In the Enron case, Enron issued obscure and cryptic, but technically truthful accounts, which supposedly showed that the company was making lots of money. This enabled the company to buy stuff with promises to pay later, and sell stuff cash in advance. A lot of people were puzzled. How was Enron making money?
A bunch of accountancy students went over Enron's accounts with a fine tooth comb, and discovered that Enron was
not making money. It was losing money hand over fist.
Word got around, and people selling stuff to Enron started demanding cash on the barrelhead, which of course Enron could not pay, and people buying stuff from Enron started demanding that they see their stuff before they paid for it, and of course Enron could not show them their stuff.
Pretty soon the paychecks bounced, people stopped turning up for work. The landlord of their offices tossed their stuff. Enron ceased to be. Capitalism 101, everything worked the way it was supposed to, except that their books were cryptic, misleading, and opaque.
So the government passed a law, Sarbannes-Oxley, supposedly banning accounts from being cryptic, misleading, and opaque.
But it was, of course, entirely impossible to comply with Sarbannes-Oxley. What people had to do instead was hire accountancy firms sufficiently important and well connected that whatever they did was deemed compliance with Sarbannes-Oxley.
The left, starting with Rousseau, have always been fundamentally hostile to civilization, all of it, lock stock and barrel. Thus with Sarbannes-Oxley the modern left did to double entry accounting, what the Occupy movement did to poop control. Sarbannes-Oxley, no less than modern university courses, is part of the left’s war on western civilization and modern technology.

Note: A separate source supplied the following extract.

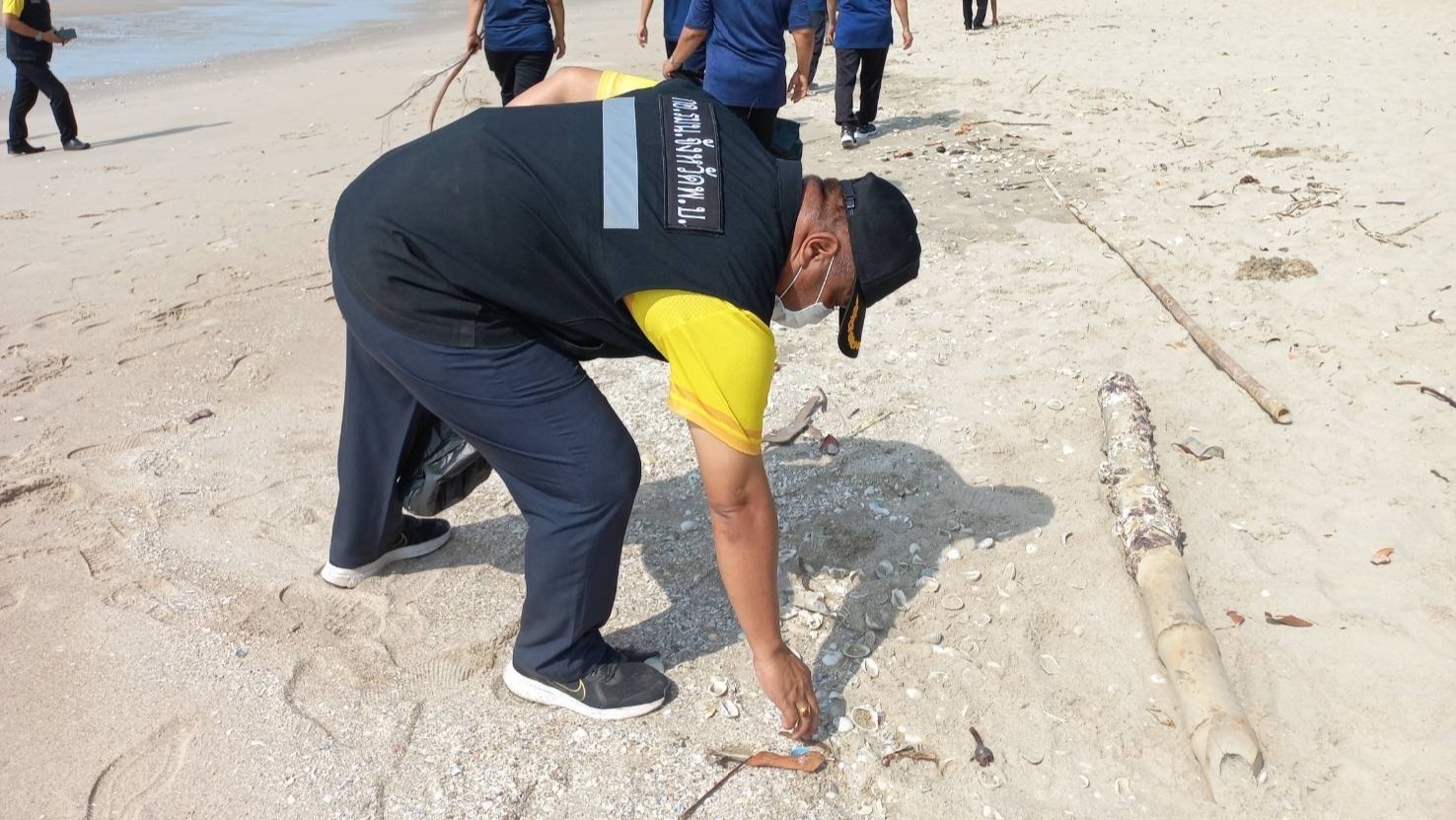 พ.อ.กรกานต์ นาเวชวนิชกุลรอง ผอ.รมน.จังหวัดเพชรบุรี มอบหมายให้ พ.อ.วินัย เฟื่องฟู เจ้าหน้าที่ กอ.รมน. จังหวัดเพชรบุรี ร่วมกับ จนท.สถานพักฟื้น และพักผ่อนกองทัพบกหาดเจ้าสำราญ ช่วยเก็บขยะตามแนวชายหาด

If Enron's accounts were opaque, Sarbannes-Oxley accounts are irrelevant, reflecting official reality without regard to observable reality.

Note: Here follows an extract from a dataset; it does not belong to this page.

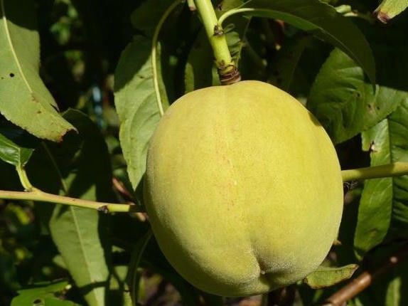 Персик Донецкий Желтый.Для плодов характерна круглая форма, порой они бывают формы широкого овала, несколько приплюснуты по обеим сторонам, также достаточно виден визуально на поверхности специфический брюшной шов. Плоды имеют кожуру бледно-желтого оттенка с изысканным размытым румянцем на поверхности. У недоспевших персиков цвет кожицы является зеленовато-желтым — таким же, как и мякоть фрукта. По консистенции она плотная, непосредственно возле кожуры имеет желто-оранжевый цвет. Вкус Донецкого желтого можно назвать достаточно сладким, имеющим приятную кислоту. Косточка у плода больших размеров, от мякоти ее отделить практически невозможно. При дегустации специалистами данный сорт персика получил хорошую оценку 4, 9 балла.

In the present crisis, a lot of strange accounting has come to light, strange accounting often curiously similar to that conducted by Enron – but due in part to Sarbannes-Oxley, only came to light after numerous financial institutions bit the dust, whereas before Sarbannes Oxley, it came to light before Enron bit the dust, and caused Enron to bite the dust.
The way real accounting works is that accountants ask people who actually operate the company where money and valuables are, and what was done with past money and valuables, what happened to the previous years money and valuables, and do some spot checks to make sure that the money and valuables reported to be there actually are there.
Theoretically this also happens in Sarbannes-Oxley but in practice it is is apt to be the other way around. Instead of listening, the godlike accountants tell people, and rather than the accounts reflecting reality, reality is supposed to be adjusted to reflect the accounts, much as peer review results in the scientific community telling the experimenter what he observed, instead of the experimenter telling the scientific community what he observed.
By examining Enron’s accounts carefully and cynically, people could, and did, discover that Enron was deeply in debt and losing money hand over fist, and was therefore unlikely to be able to pay for goods it had purchased, nor supply goods it had been paid for. There was no way that someone examining MF Global’s accounts could tell that MF Global had already pissed away its client’s money on European welfare bums. That is the difference that Sarbannes-Oxley made.